そして、ぶんぶんと腕を振りながら下の景色を映し映し映しまくる。
「大輝、落とさないでね」
「分かってるよ」
そんなに間抜けじゃないよ。
ただ、少し怖いのは怖いが、この春の笑顔に比べたら全然大したものではない。
ゆっくりと山を旋回しながら取る事四十分。
そろそろ最終便が発射するという事で、俺たちはそれに乗る。
五時に閉るのだ。
「なあ、奈々」
「何?」
「今日はスーパーで買いたいんだけどいいかな」
「なんで? ……いや、分かった」
すぐに意図が伝わったようだ。
春は外食が出来ない。

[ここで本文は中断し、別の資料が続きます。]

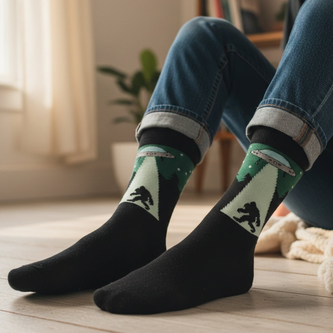 Was Bigfoot abducted by aliens and that is the reason no one could find him for the past 100 years? Possibly. Or, does Bigfoot not only have his own sock line, but also his own intergalactic aviation manufacturing business and currently makes UFO's just to rile up the United States government? Also very possible. Either way, these UFO Bigfoot socks are sure to send a shock wave through the fashion world.

だったらせめてもの外食気分を味わわせようという訳だ。
だが、このままでは春の生活費を賄いきれんな。
そろそろバイト数するか。
そしてスーパーでは、春は寿司をご書房だった。
二〇パーセントオフの寿司を探す。
運のいいことにすぐに見つかった。
それでも一〇〇〇円かかり、結構なお値段だが、春のためなら仕方のない事だ。
更に春は欲しがったため、春だけで一八〇〇円もの出費となった。
ふふ、バイト確定だな。
追加でポップコーンも買った。
どこかの日に映画祭をするためだ。
そうして家に帰った。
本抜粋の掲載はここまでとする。